The idea that the victims are just "subpar students" is just derogatory, dismissive, blame the victim nonsense. I've seen quite a few very intelligent people have their lives really messed up with a science degree especially the horror show that is science PhD programs. Although not written specifically for science PhD's in the US it very eloquently captures the many problems there. liv | Dear brilliant students:
You captured the scene perfectly! There were opportunities in these fields 30 years ago and many of my colleagues did very well during the growth phase of these industries but the past eight years really has been abysmal. I feel bad young people who pursued these degrees are now in this position. I am now seeing a heavy and blatant prejudice with foreign hiring managers only hiring people of their own ethnicity in subordinate positions..
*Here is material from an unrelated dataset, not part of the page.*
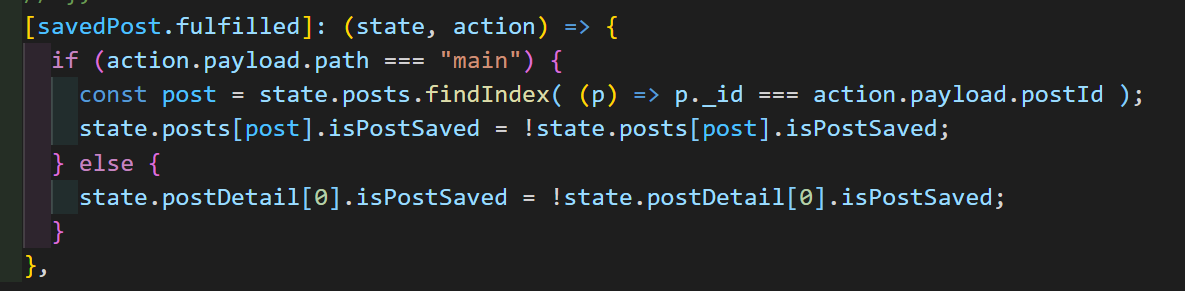만약 메인 페이지 라면 (path가 main이면) 액션을 생성했을 때 posts 안의 isPostSaved를 불러오고,

You would have been better off getting a business degree and having the "Animal House" experience while partying with hot chicks... Then get a 100K plus job off Wall Street .. Sure I'm exaggerating, but it's fun..
Past few years? It's since 1998, when those companies cried wolf about Year2000 meltdown which didn't happen.
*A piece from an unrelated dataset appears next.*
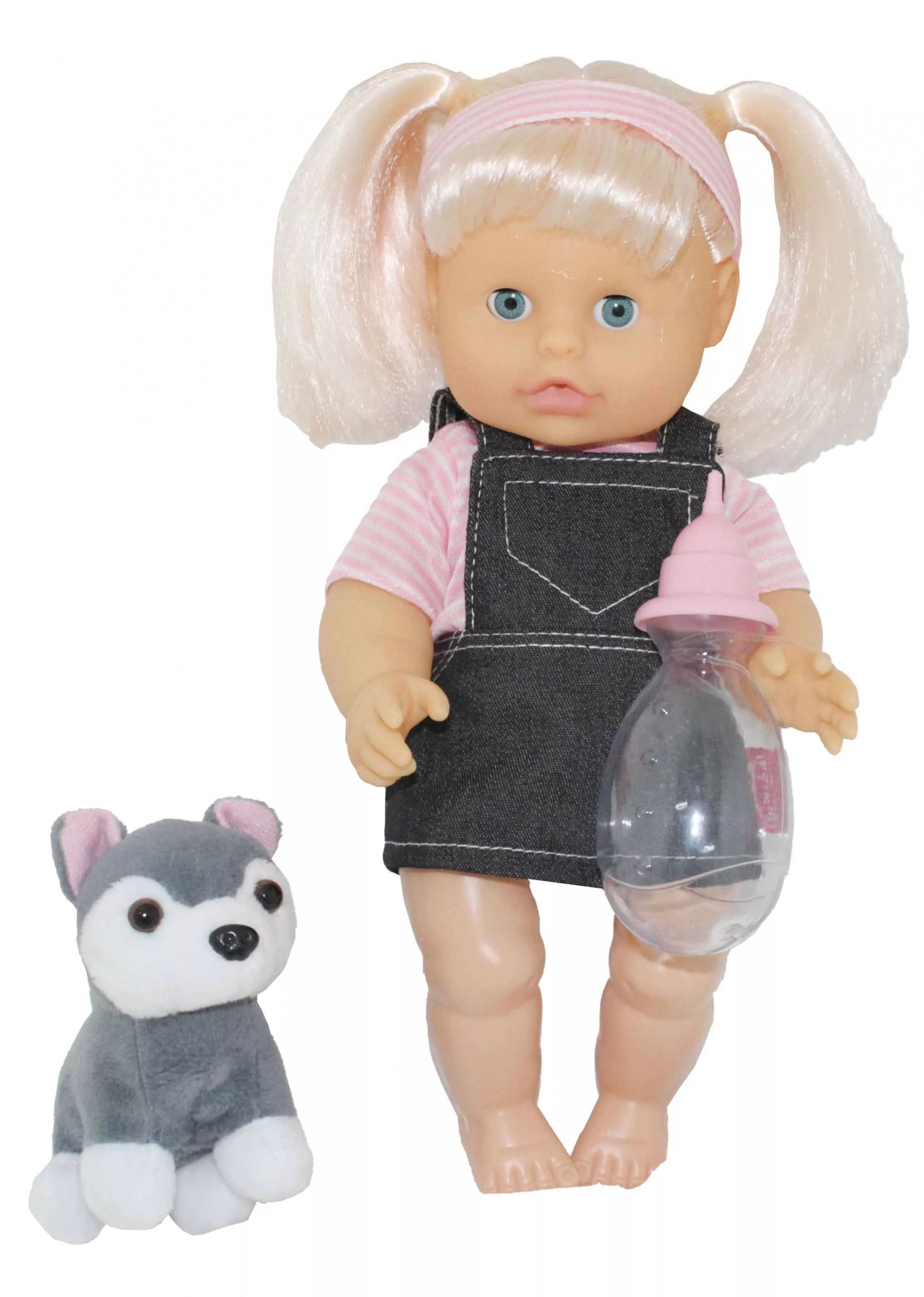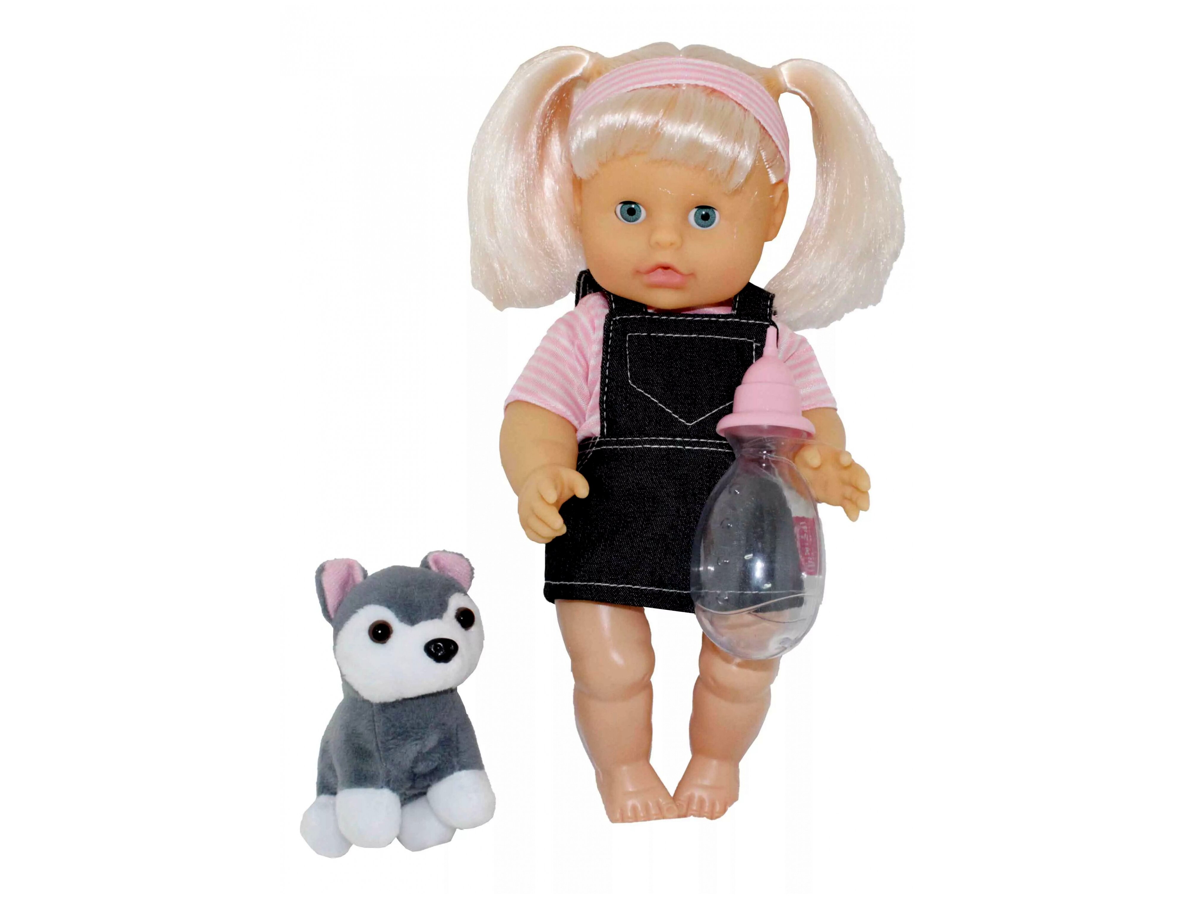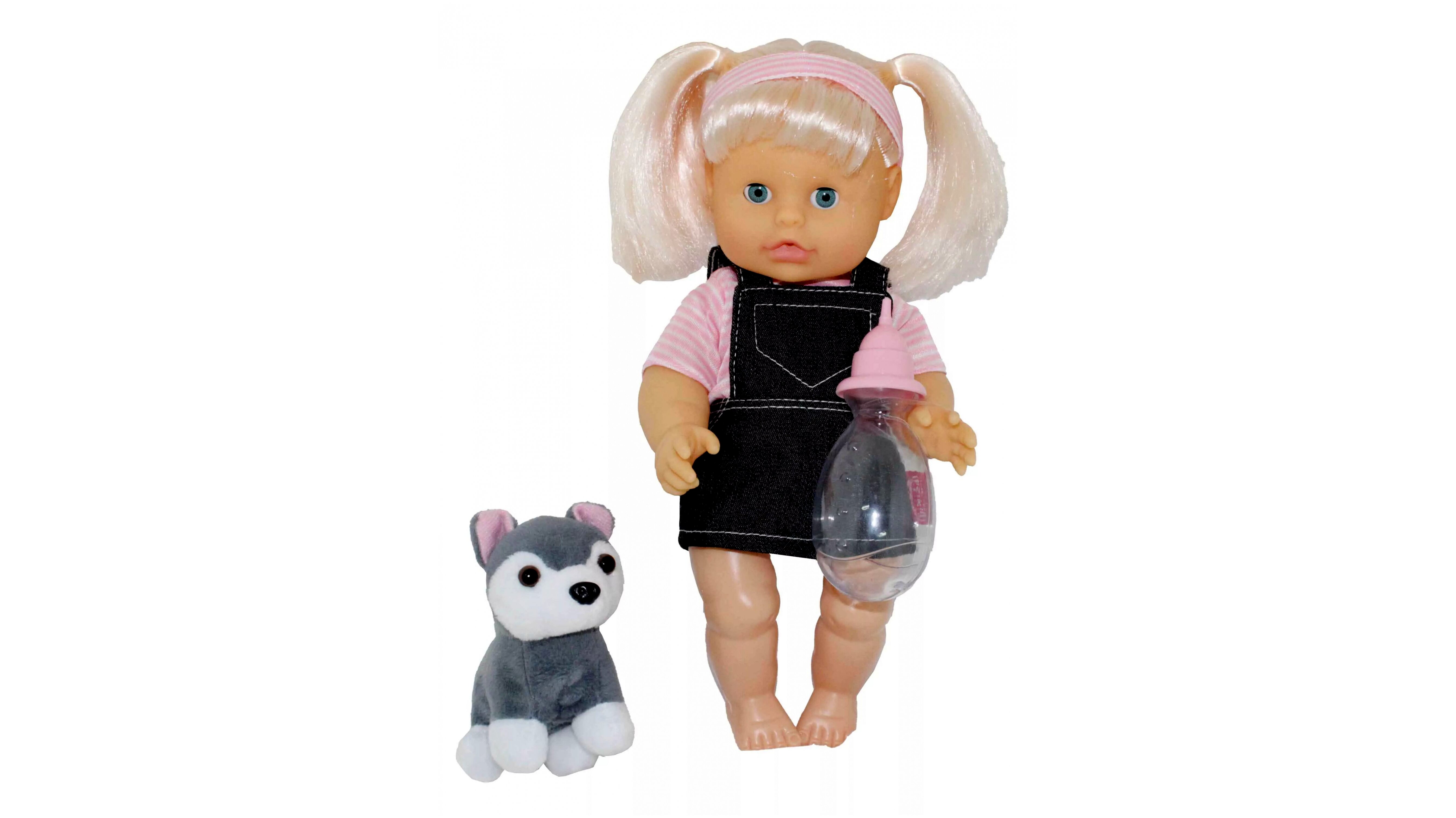 Ezzel az aranyos, fekete farmerszoknyát viselő babával a kislányok kipróbálhatják milyen anyukának lenni. A kb. 36 cm-es babának oldalsó copfokba van fogva a haja, arca aranyos kidolgozású, felsője rózsaszín csíkos. A babához egy cumisüveg, és egy játékkutya is tartozik.A játék fejleszti a fantáziát és a képzelőerőt. A „kis anyukák” babájuk gondozásával a felnőttek világát utánozhatják szerepjáték által, így sokat tanulnak a felelősségvállalásról, a szeretetről, önállóságról és a gondoskodásról.

By that time they had brought in foreign workers who not only didn't returm home, the companies ever since keep hiring more and more, on top of outsourcing the rest.
They systematically prevent well trained American workers from getting jobs.
White ameicans in stem fields need to focus on developing super weapons to get rid of alot of these other people. Then sell them to the russians. The only way people respond is with "bullets".
Quote:
Originally Posted by tequila4less
I don't know about White-Americans, but Chinese-Japanese-Indian-Americans are doing pretty well in STEM jobs.
I do have one question: Why does every liberal arts person assume those with STEM degrees did not also study the various liberal arts along the way. You do know STEM majors take plenty of English, history, social studies, econ, art, music, foreign language, you name it, just as a subset of getting the STEM education. With most STEM majors, it's not a question of either/or. It's both/and.
It's ironic that you mention that, because with very few exceptions, I found my liberal arts classes to be far and away the most useless, both professionally and personally. Like another poster, I took 9 credits of history classes and learned nothing that you couldn't have gotten just by reading books, and almost all of it in prep school before I even got to that class. I use the Latin I learned in high school far more than my Spanish classes in college, and so on. I would have far preferred more technical classes in STEM, but perhaps outside my field. Some programming, GIS, classes in specific lab skills, stuff that you need a person to teach you rather than just info you could have learned out of a book. OTOH, they certainly give the GPA a nice boost which was good for grad school I suppose.
The odds of getting a job in a 'soft,' non technical/scientific career with a STEM degree, is far better than getting a technical/scientific job with a liberal arts degree.